= Acestor =

Acestor (Ancient Greek: Ἀκέστωρ), meaning "healer" or "saviour", was the name of several figures in Classical mythology and history:

Mythological

- Apollo Acestor, an epithet of the god Apollo in his role as healer or averter of evil.
- Acestor, son of Ephippus, son of Poemander from Tanagra in Boeotia. When his grandfather, Poemander, refused the call to join the Trojan War, the Achaeans besieged him.
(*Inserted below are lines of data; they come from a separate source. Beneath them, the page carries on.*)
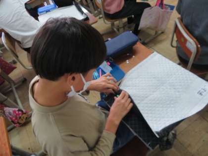 初めてのミシンでしたが,操作方法を確認しながら,返しぬいも忘れないように,頑張って製作することができました。
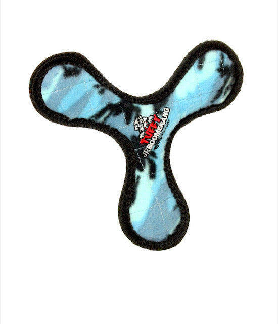 Tuffy Dog Toys Ultimate Bowmerang is tough, long-lasting, and great for beginning agility or flyball training. Squeaks to your dog's delight. A wonderful dog toy for those dogs that like to play tug or whip their toys back and forth. The soft edges are easy on your dog's gums and teeth. Squeakers: 2. Sizes: Large 10" x 10" x 2" - Small: 8" x 8" x 1".
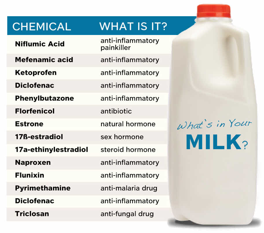 A great example, just take a look at some of the typical toxins, and drug residues found in the typical bottle of milk:
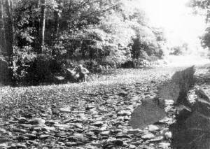 Abb. 3: Dieser dreifach überhöhte und etwas geknickte Schnitt durch den Schlossberg von der Sieber über den Mühlengraben (M) im Norden zum Ochsenpfuhl (E) im Südosten des Schlosses stellt seinen geologischen Bau dar. Man erkennt die Schotterfüllung (S) der Siebertalaue und beidseits vom Ochsenpfuhl, die Verkarstung des "Werraanhydrits" (WA), die Klüfte, Höhlen (schematisch angegeben) und sich talwärts neigenden Randbereiche der "Hauptdolomit" (HD)- Platte unter dem Schloss. Schlängelpfeile geben schematisch den Weg der Sickerwässer an. Gerissene Pfeile weisen auf die tendentielle Hangzerreißung hin, DB = Bahnlinie. Dolomitfels ist in geringem, Anhydrit und Gips hingegen in recht hohem Maße (bis etwa 2 g CaSO4/l) wasserlöslich. Die spröden Dolomitschichten wurden im Zuge der Heraushebung und Verkippung des Harzes (hier ca. 5° nach SW) engständig zerklüftet. Dadurch kann die - geologisch gesehen rasche - Auflösung dieser Zechsteinschichten nicht nur nahe der Geländeroberfläche, sondern auch in Tiefen von vielen Zehner Metern, als sog. Subrosion, erfolgen. Dabei bildet sich durch die sog. Verkarstung eine typische Landschaft mit Höhlen, erweiterten Felsspalten, Erdfällen, Dolinen usw. heraus. Die Sieber - mit einem Einzugsgebiet von 84 kmē im niederschlagsreichen Harz oberhalb von Herzberg - erzeugt, ebenso wie die Söse bei Osterode und die Oder unterhalb von Bad Lauterberg, eine besonders intensive Verkarstung der Anhydrit- und Dolomitschichten. In Verbindung mit einer Tieferlegung der Landoberfläche um bis zu mehrere Meter durch "Subrosion" gestaltet diese Verkarstung die hiesige Zechstein-Landschaft seit den Eiszeiten wesentlich mit. Große Mengen besonders von Sieber- und Oderwasser versickern durch den klüftigen, karstigen Zechstein und strömen durch den Untergrund des Pöhlder Beckens innerhalb von 2-3 Tagen der Rhumequelle zu. Diese große Karstquelle (160 m ü. NN) liegt 7 km südlich von Herzberg und knapp 70 m unter dem Herzberger Sieberbett. Dabei unterströmt ein großer Teil des Sieberwassers den klüftigen, offensichtlich von Höhlensystemen durchzogenen Werraanhydrit und Zechsteinkalk im Untergrund des Herzberger Schlossberges (siehe MOLDE, 1998). Zwischen Schlossberg und Nüllberg fließt die Sieber, wenn sie nicht in trockenen Monaten vollständig versickert (Abb. 4), auf mächtigen Schottern, die sie aus dem Harz herabtransportiert hat. Diese nacheiszeitlichen Grauwacke-, Quarzit- und Kieselschiefer- Geröllmassen füllen den durch Subrosion (unter der Oberfläche erfolgende Gesteinsauflösung) stark eingetieften Talzug im Bereich der oberflächennahen Zechstein-Anhydrite und -Dolomite zwischen Herzberg und Hörden.
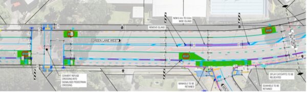 Another key point: the 2023 design confirms that it’s possible to include dedicated and protected space for people on bikes on Green Lane West, in the form of a two-way protected bike path on one side of the road.
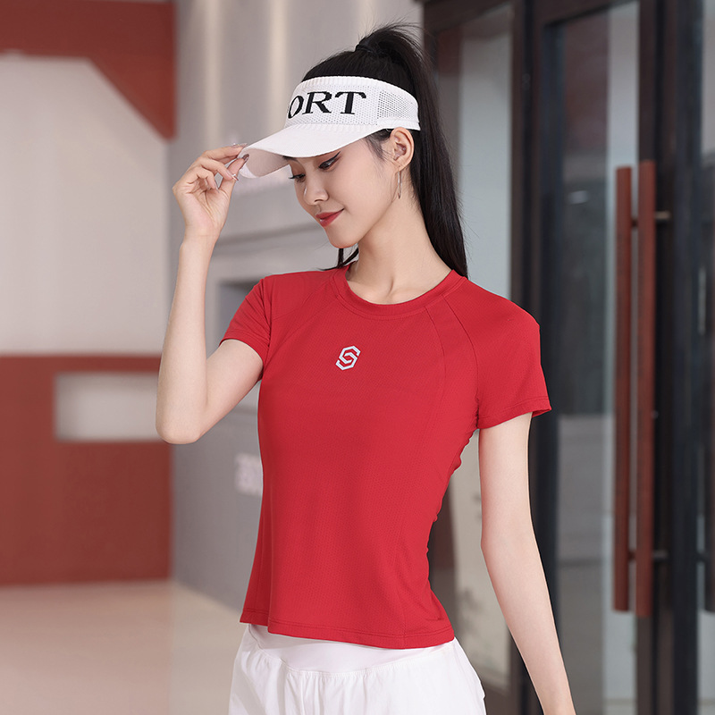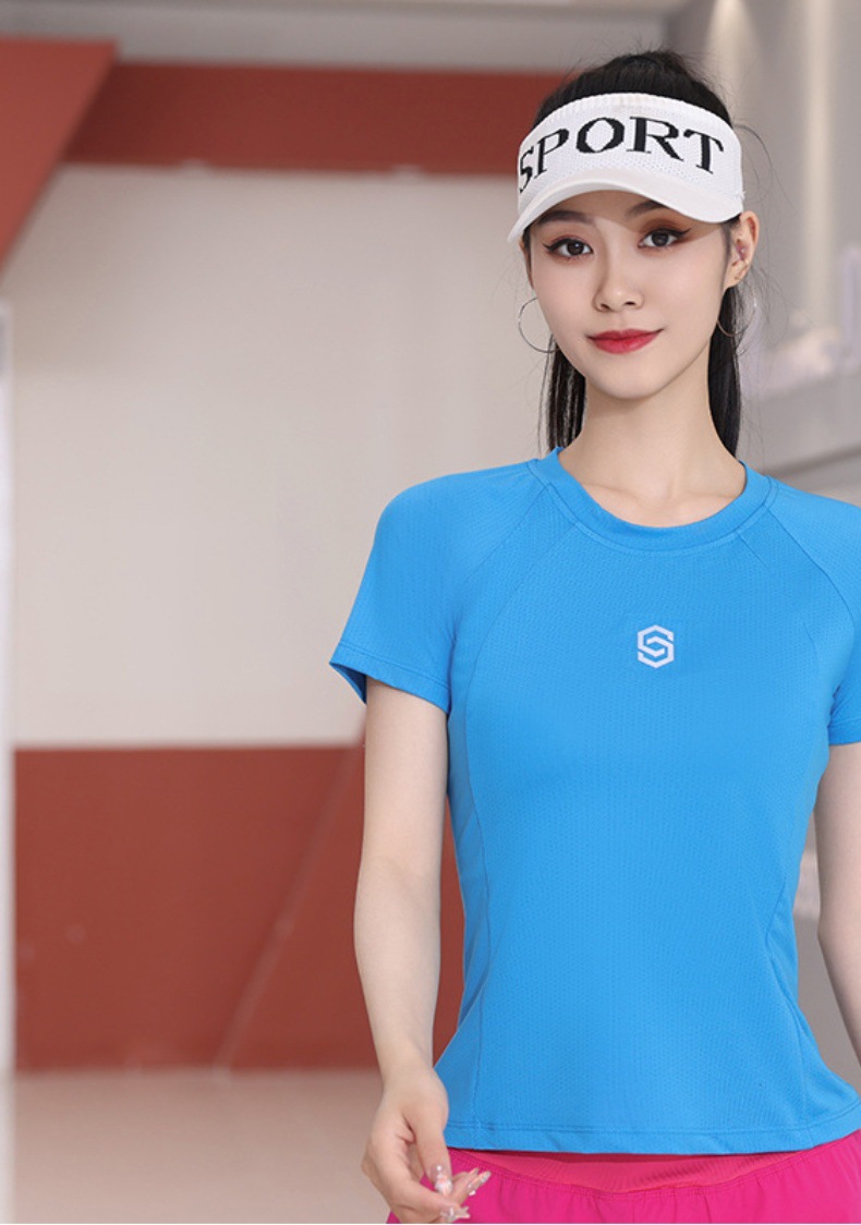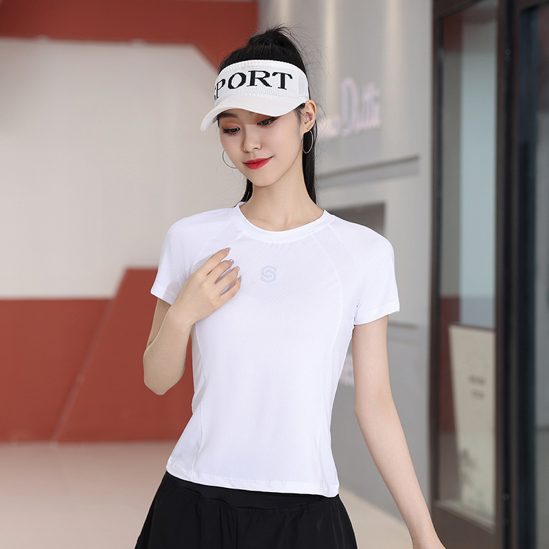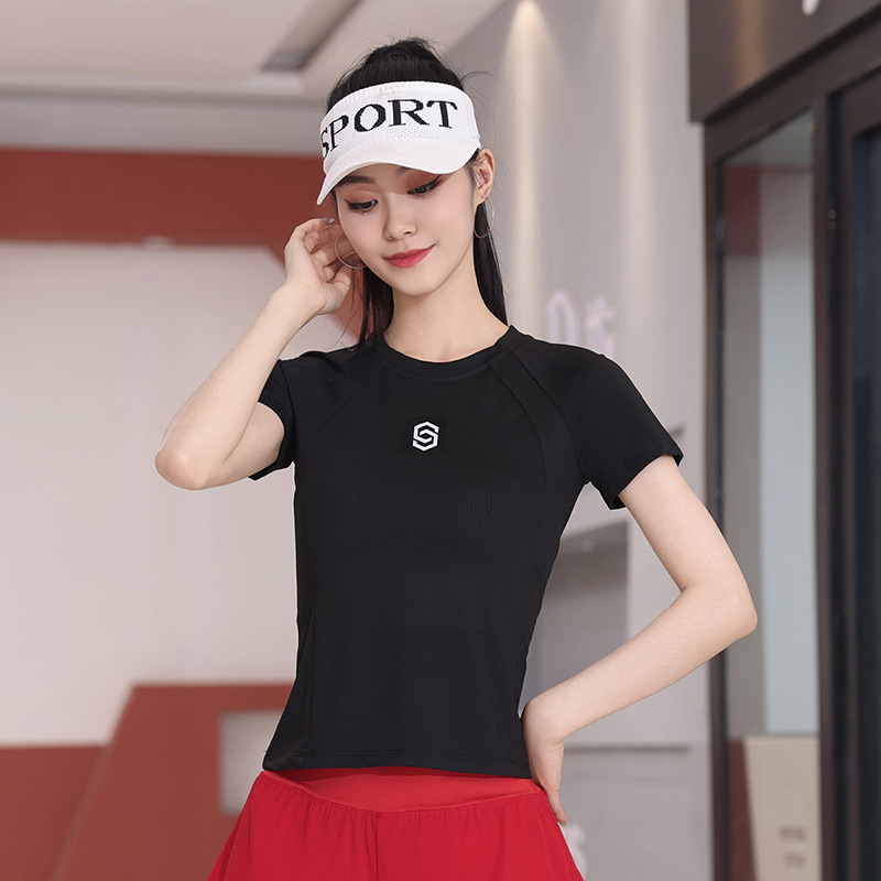 Летняя новая спортивная футболка женский быстросохнущий тонкий тонкий рукав с короткими рукавами для бега фитнес-костюм йога топ с круглым вырезом T

During the fighting, Acestor was killed by Achilles.'
Historical

- Acestor, Cretan sculptor.

- Acestor Sacas, surnamed "Sacas" (Σάκας) on account of his foreign origin, was a tragic poet at Athens, and a contemporary of Aristophanes. He seems to have been either of Thracian or Mysian origin.
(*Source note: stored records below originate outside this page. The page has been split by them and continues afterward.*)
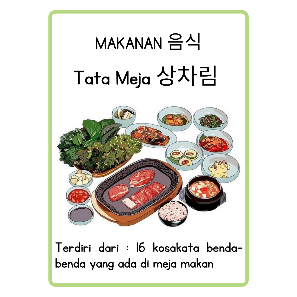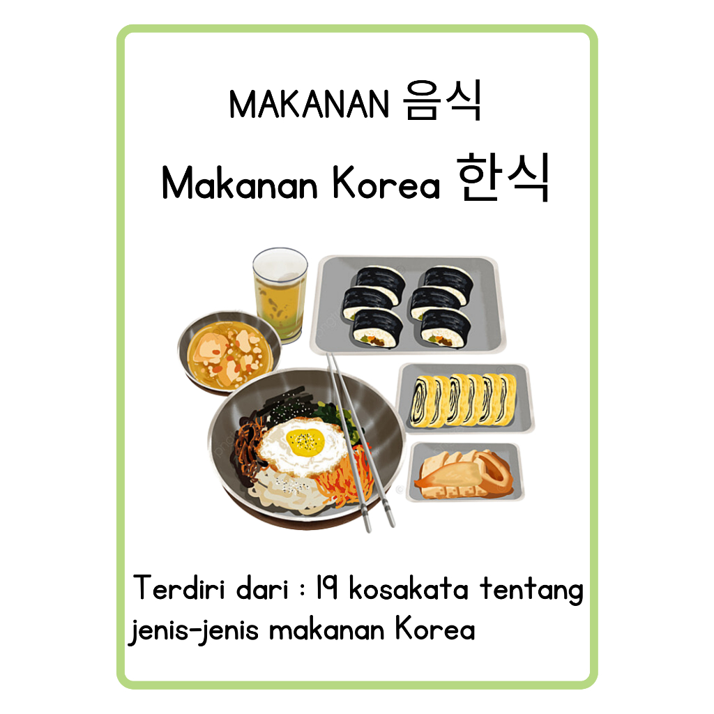Flash Card Bahasa Korea Tema : Makanan (Premium Art Cartoon)
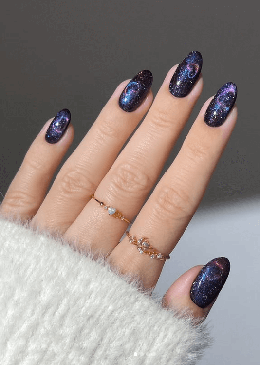 Swirls of deep purples, blues, and fine glitter bring a cosmic flair to your manicure. These nails look like mini galaxies—mysterious, sparkly, and bold. The almond shape helps keep the look classy instead of costume-y. Ideal for stargazers and dreamers.
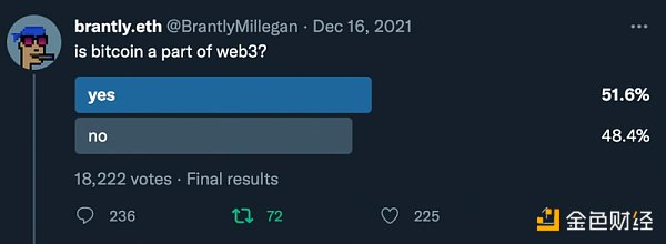 尽管今天的领袖们发表了大量无特色思想的文章,但仍然没有就"Web3 到底是什么"达成共识。"Web 3"的定义取决于你属于哪个派别,Web3 是局,Web3 是未来,Web3 正在将世界代币化,Web3 是 VC 撤资的借口,Web3 是加密货币的另一个名称,各种声音充斥着我们的耳朵。即使是加密社区也无法确定比特币是否是 web3。
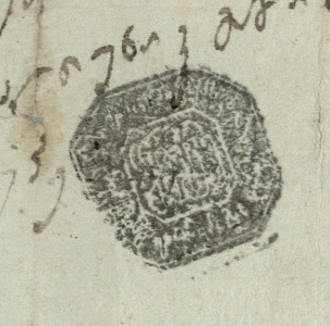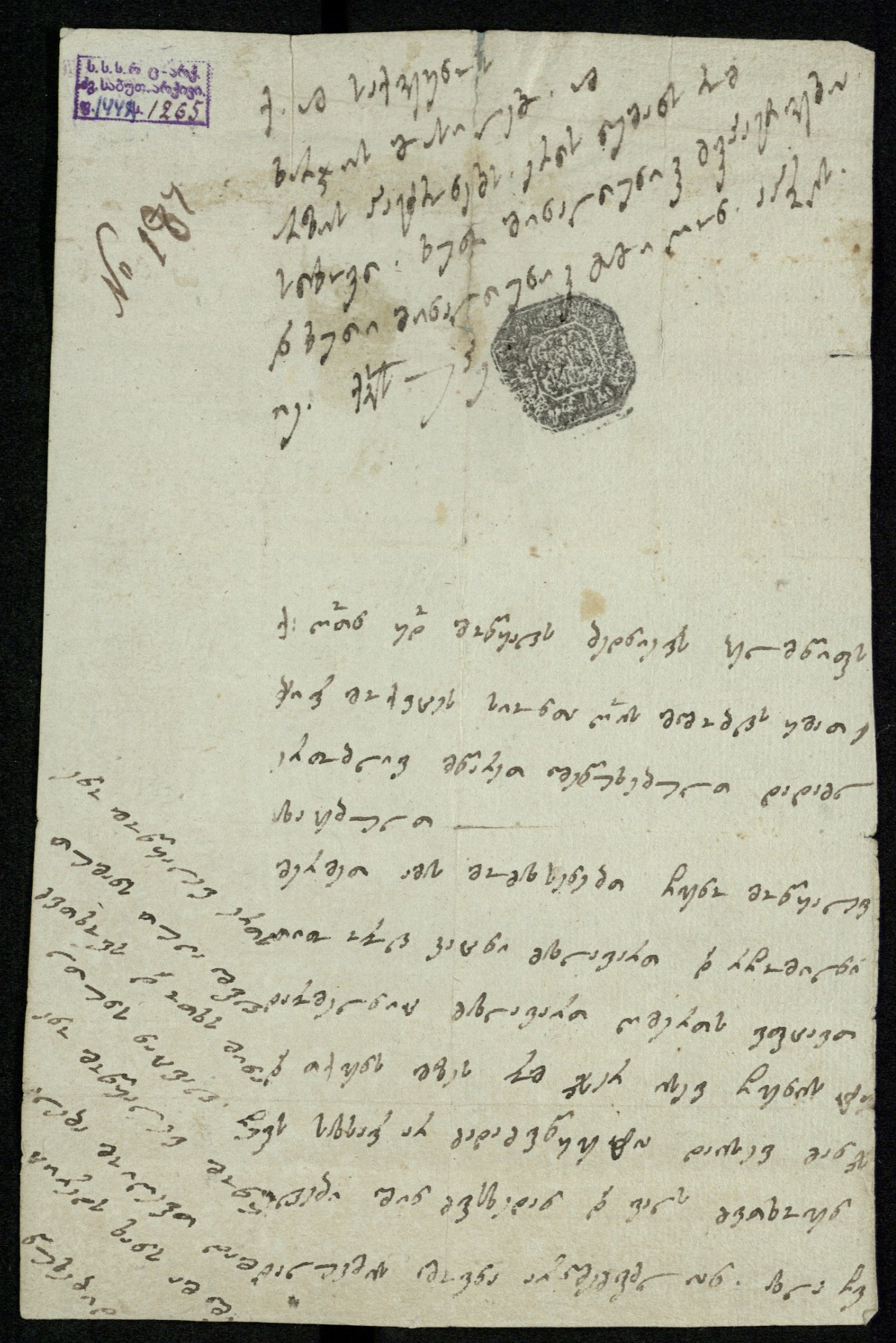 ჭვირნიშნიანი ქაღალდი ნაცრისფერი, შესრულებული შავი მელნით

- Acestor, a sculptor mentioned by Pausanias as having executed a statue of Alexibius, a native of Heraea in Arcadia, who had gained a victory in the pentathlon at the Olympic Games. He was born at Knossos, or at any rate exercised his profession there for some time. He had a son named Amphion, who was also a sculptor, and had studied under Ptolichus of Corcyra; so that Acestor must have been a contemporary of the latter, who flourished around Olympiad 82 (452 BC).